La figura de la comadre viene de antiguo y no es del nuevo mundo. Revísese «Las alegres comadres de Windsor» de Shakespeare, escrita en 1600, y tendrá sentido su contenido salaz. Las comadres shakesperianas se confeccionaron de encargo por la mismísima Isabel I de Inglaterra, caprichosa ella, con la ética de Sir John Falstaff –personaje que también aparece en Enrique IV–, harto popular en toda Inglaterra por mujeriego, parrandero y vividor. Desde la Edad Media se admite a la comadre como impulsadora del tráfico adúltero. No olvidemos a Lady Chatterley, vencida de deseo y empiernada con su guardabosque gracias al apoyo de unos benditos compadres. Si a la inglesa la existencia de la comadre supone un compadre experto en los entuertos del adulterio, a la limeña la comadre no necesita comparsa y menos marido. Ella es toda ella. El centro de la galaxia.
xxxxxxxxxx
3. El hada. La madrina es la madrina, es decir: da jerarquía, seguridad, dignidad. No faltaba más. Es parte del modelaje tutelar consagrado por la religión católica, aunque en estos tiempos, no admite fronteras de fe: solicitada en religiones de todo calibre, la figura de la madrina se incorpora al linaje desde los israelitas hasta los evangélicos pasando por el arte japonés de los mahikaris. Un padrino puede ser un gran amnésico y olvidarse de tu santo. Pero la madrina debe demostrar ser inmaculada, una madre virtual o su clon platónico. Si la tía es la madre de leche de tarro y sustituta, la madrina es la madre de reparto. Es decir, la madre sofisticada y constituta, la marca registrada del estilo y la dignidad familiar.
Curioso: la madrina de la calle resulta la prostituta, esa mujer de mala vida que a uno le ofrece la buena vida. Su contraria: la madrina de la casa, de pureza diplomada en bondad. Aún en tiempos de escasez, la madrina es atenta al gesto, el buen gusto y el chart. En el barrio-barrio, la madrina es el estilo, el único pedigree y no interesa que la familia quede ubicada en la misma calle del pecado.
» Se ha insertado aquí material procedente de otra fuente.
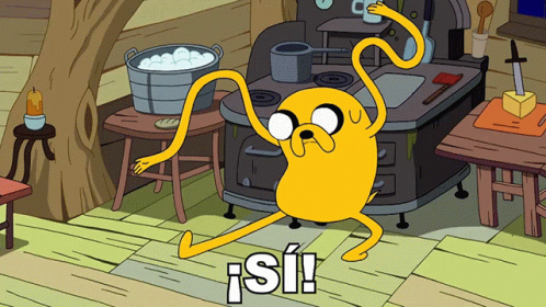 Jake from Adventure Time dances excitedly in a rustic kitchen, exclaiming "YES!" with enthusiasm.
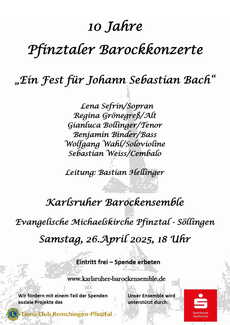 26.4.25, 18 Uhr, Michaelskirche Pfinztal-Söllingen: "Ein Fest für Johann Sebastian Bach". Arien, Chöre und Orchestermusik. Regina Grönegreß - Alt. Karlsruher Barockensemble. Leitung: Bastian Hellinger
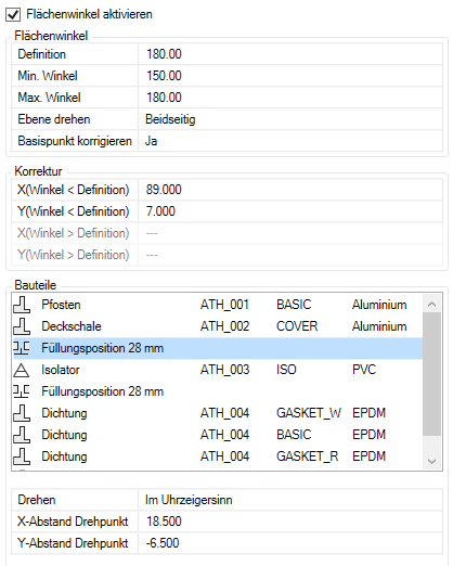 In der Bauteilliste können Sie die Bauteile wählen, die abhängig vom Winkel gedreht werden sollen.
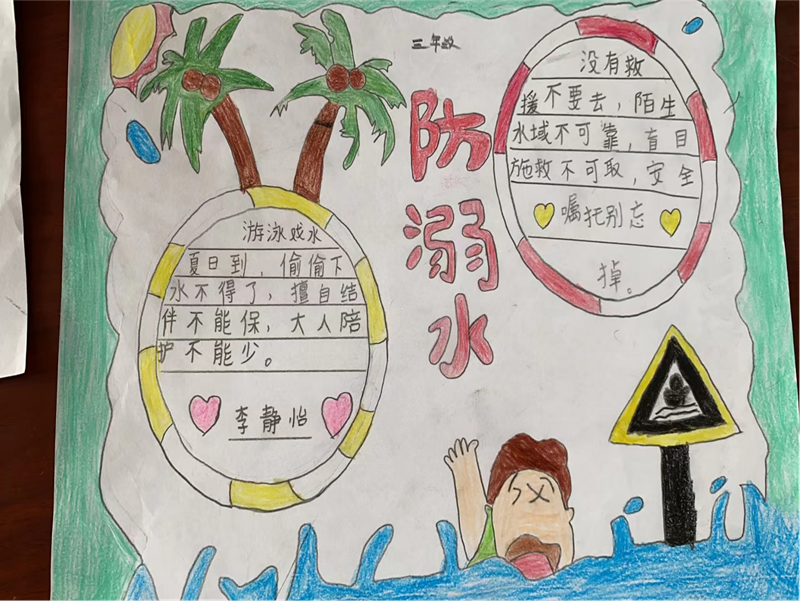 同学们用画笔描绘着心中的安全蓝图,一份份手抄报编排精美,图文并茂,或生动有趣的科普,或言辞诚恳的警示,灵活形象地介绍了防溺水的知识和有效自救自护的一些基本常识。
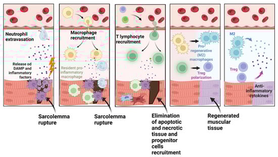 The evolution of the inflammatory response in muscle damage. When muscle tissue is damaged, the release of inflammatory factors and damage-associated molecular patterns (DAMPs) occurs, which attract various cells of the immune system. The first to intervene are the neutrophils, which extravasate to the site of injury. Here, in the case of sterile inflammation, i.e., in the absence of bacteria or other pathogens, they will start to perform a cleansing action against the apoptotic or damaged cells. In addition, they will produce reactive oxygen species (ROS), which will in turn be responsible for recruiting other types of immune cells. The inflammatory state induced by the damage also leads to the involvement of resident macrophages in the first instance, while others will be attracted by the chemotactic factors released by both the damaged muscle cells and neutrophils. Once the cleansing action of the apoptotic and necrotic cells is complete, the recall of T lymphocytes and muscle progenitors occurs. The latter, stimulated by the cascade of inflammatory signals, will be stimulated to repair the damage with the restoration of functional homeostasis. The repair process concludes with the polarization of T lymphocytes and macrophages towards immunoregulatory subsets (treg and M2 macrophages), which, through the release of cytokines and other factors, will modulate the immune response until the inflammatory status ceases. (Figure designed using Biorender.com, accessed on 7 November 2022).
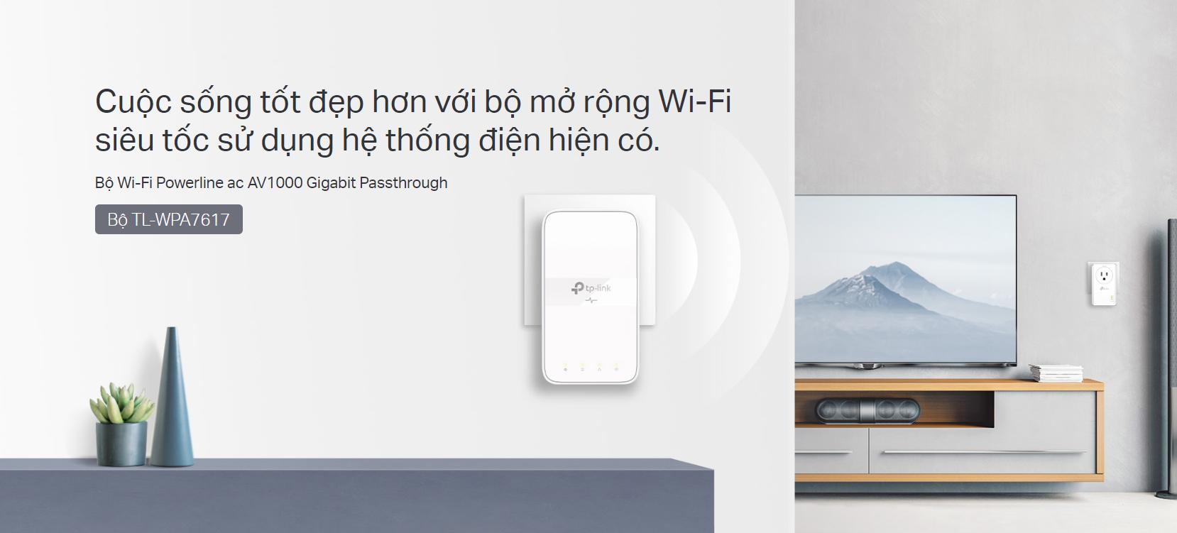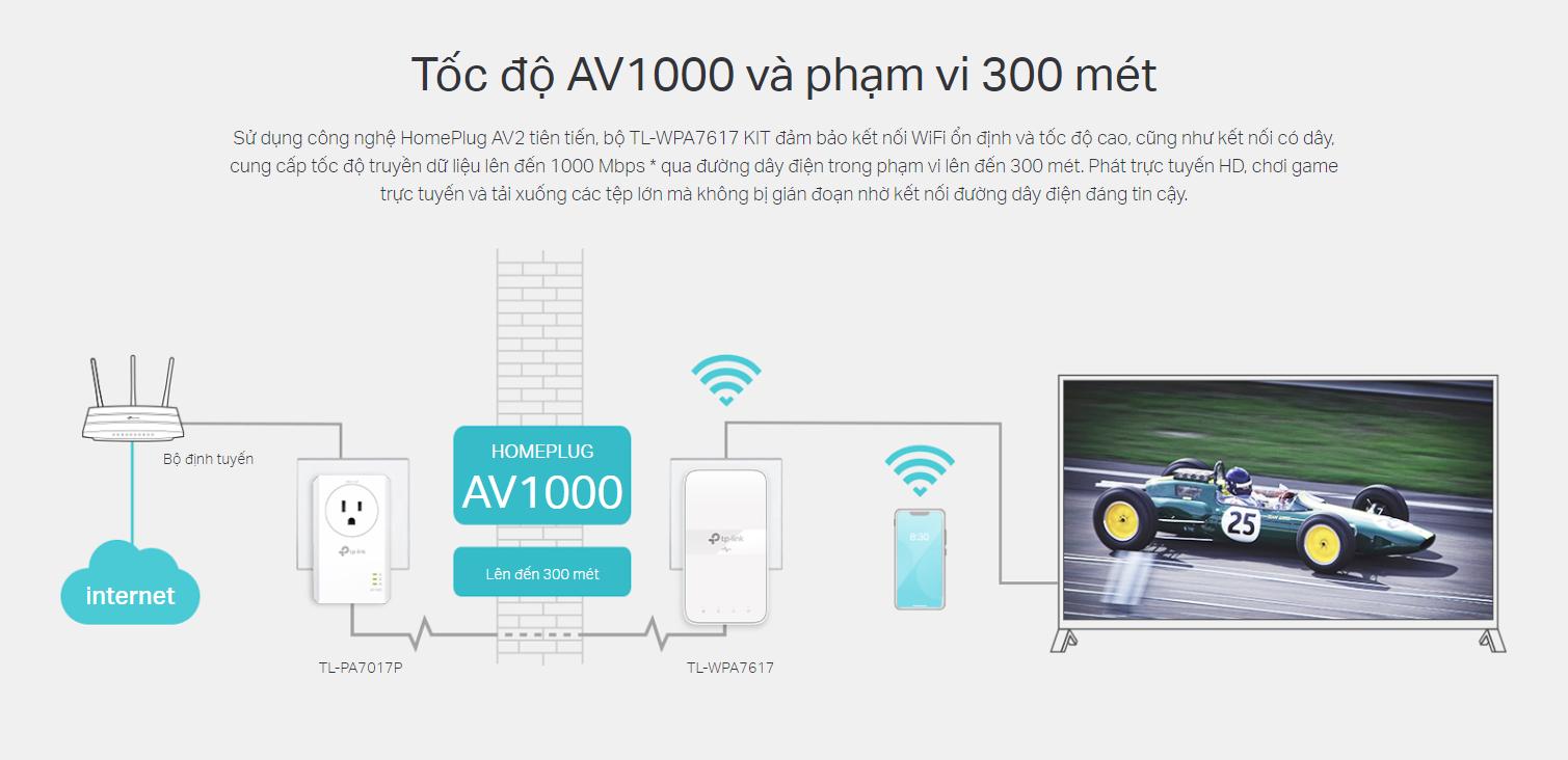 (Bộ Wi-Fi Powerline AC AV1000 Gigabit Passthrough TP-Link TL-WPA7617 KIT chính hãng, giá tốt)
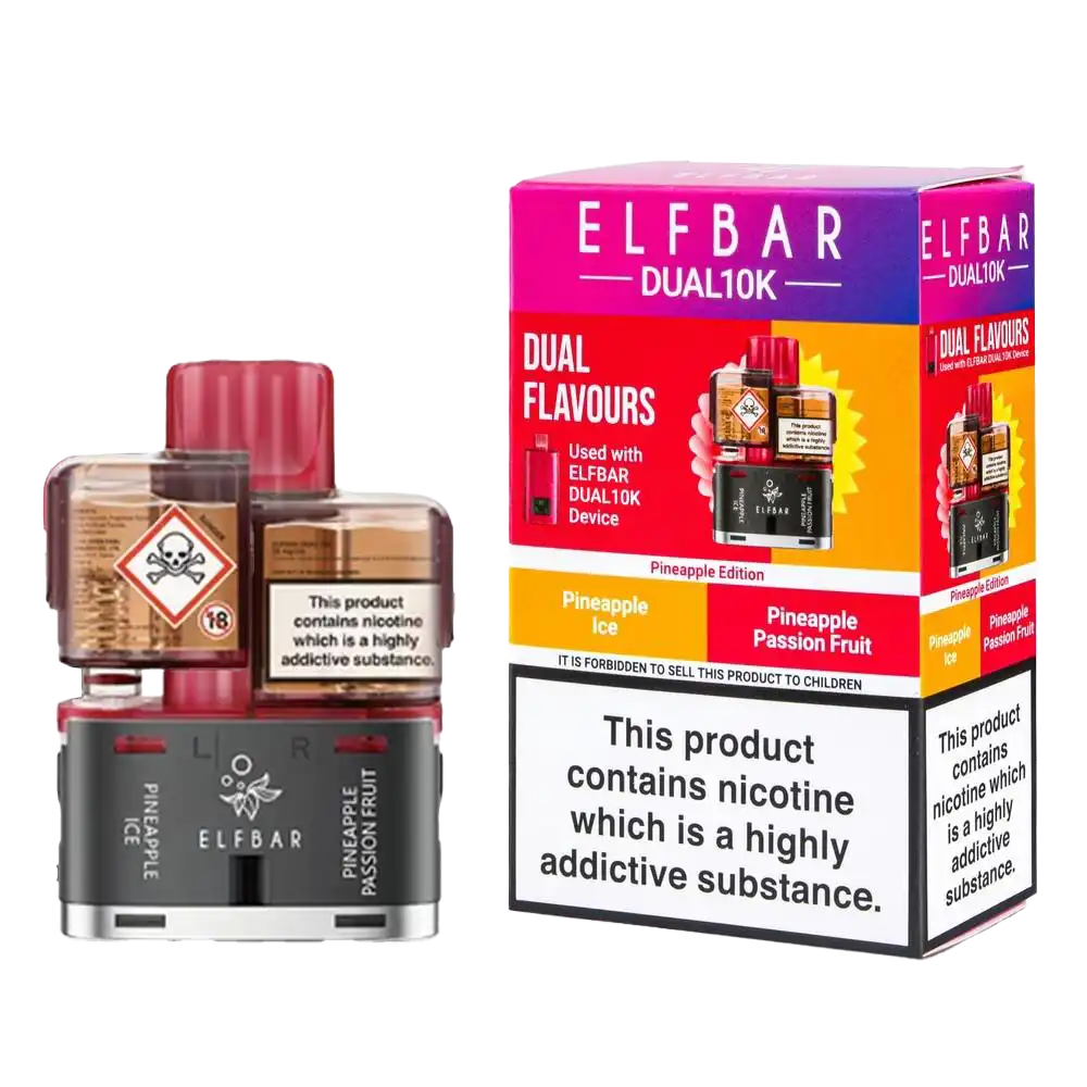 The Pineapple Edition Elf Bar Dual 10K Pods feature Pineapple Ice with Pineapple Passion Fruit across dual prefilled pod systems. Each pack includes two 1ml pods and 5ml refill containers, compatible with the Elf Bar Dual 10K Kit and Elf Bar 4in1 Ultra 50 Kit. Using QUAQ mesh coil technology and 20mg nic salt, these pods deliver up to 10,000 puffs with cooling pineapple on one side and tropical fruit blend on the other.

La identidad de la madrina sí: debe habitar a la vereda de la virtud. Es común en las bodas católicas que después de la novia, la segunda fémina es la madrina. Madrina de abolengo suele ser la madre del novio. No tanto la tía. Menos la hermana. La recién casada podrá salir con fallas de fábrica o con un pasado travieso y tramposo. La madrina jamás.
Una madrina de la clase alta sirve para el decoro. La de clase baja, para el auspicio. La madrina de barrio debe regular la exhibición púdica de un clan, cuidar que la mujer disimule su esclavitud al hogar, su dependencia al marido, su devoción pasiva a las modas. A diferencia de la comadre, una madrina –cama adentro– existe sólo para salvar a los justos de la cintura para abajo –los matrimonios deberán ser inmaculados–, y para ordenar las direcciones de la tolerancia. A uno le puede faltar un padrino y sobrevive, pero si no tiene madrina –la mujer que asume el activo y el pasivo de la moral familiar— puede fracasar. Las hadas eran, antes que cualquier cosa, la forma y el estilo. Por eso las hadas siempre han sido madrinas.